I am about to leave my extremely well rewarded corporate career in the middle of a raging economic and health crisis (middle of it...? who knows) and follow my heart and mind into property development. I have done everything in my power to prepare for this change: I have been developing and renovating properties for the past 20+years. I have studied startups, and I am still paying for the best property education money can buy. Sounds like a straightforward journey of becoming a full-time developer? Was it straightforward? It wasn’t.
My natural way of learning is to dig in, amass and synthesise as much knowledge as possible. I used that approach many times when I had to tackle complex problems in my corporate career. And I used the same approach with the books and blogs written on startups and enterprise leadership: I read and listened to most of them between 2017 and 2019. I learnt a lot about building startups, and about psychology, and I enjoyed writing about both. I wrote blogs and a book (kind of). I tapped 80,000+ words into my iPhone during my commutes and nicely structured my content around the life stages of companies, entrepreneurship and property. I used creative thinking and some models to identify large underserved markets, and I came up with some promising startup ideas to serve them. For a while, I believed I would launch a tech startup after leaving BAT...After a while, I came to my senses.

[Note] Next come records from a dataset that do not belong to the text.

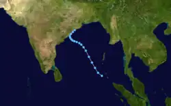 On December 14, the IMD reported that a depression had developed within the Intertropical Convergence Zone over the southern Bay of Bengal.[9] Over the next day the system moved north-westwards and gradually developed into a cyclonic storm, as the JTWC initiated advisories on the depression and assigned it the designation Tropical Cyclone 04B.[9][2] The system subsequently continued to intensify, as it recurved and moved through a break in the subtropical ridge of high pressure.[7][2] Late on December 16, the JTWC reported that the cyclone had peaked as a tropical storm, with 1-minute wind speeds of 85 km/h (55 mph).[12] Early on December 17, the IMD reported that the system had peaked as a Severe Cyclonic Storm with 3-minute wind speeds of 100 km/h (60 mph).[9] The system subsequently started to weaken later that day, as it encountered increasing upper-level wind shear associated with the mid-latitude westerlies.[2] During the next day the system weakened into a Cyclonic Storm, before it degenerated into a depression.[9] The system subsequently made landfall on Bangladesh near Cox's Bazar, before it was last noted over Myanmar by the JTWC during December 19.[9][12] The system caused some deaths and damages in both Bangladesh and Myanmar.[4]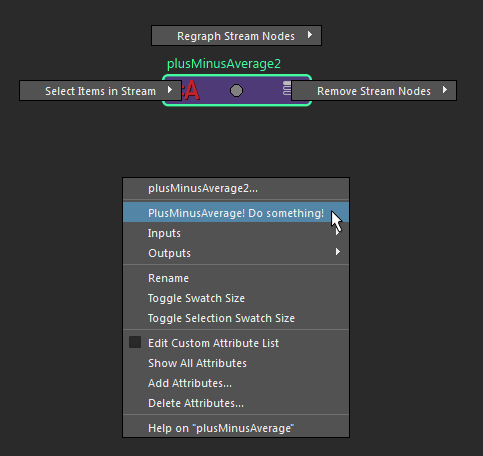 The plusMinusAverage node now includes the custom menu item "PlusMinusAverage! Do something!".
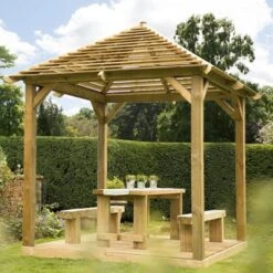 Forest Garden Venetian Pavilion with Deck: The Venetian Pavilion by Forest Garden is a wonderful outdoor structure to add style to your garden. This Pavillion INCLUDES the decking floor for a fully timber overall finish. The Forest Garden Pavilion features a beautiful Venetian style roof to shelter you from any passing showers whilst also allowing natural light to shine into the structure. The Venetian Pavilion is made with pressure treated Quality Approved timber to ensure full protection against rot and weather elements and comes with a 15 year anti rot warranty.

During all the learning I was most alert when I listened to property-related audiobooks. That helped. Ultimately, I realised that the UK housing market was that large underserved market I was looking for. The market where my passion and twenty years of experience in property overlapped with an unmet need I could satisfy.
There is significant unmet demand for safe, well-built and beautiful homes in places where people want to live.
I have experience and skills in property development; it is time to step out from the safety of salary, bonuses and share awards to make my passion my profession.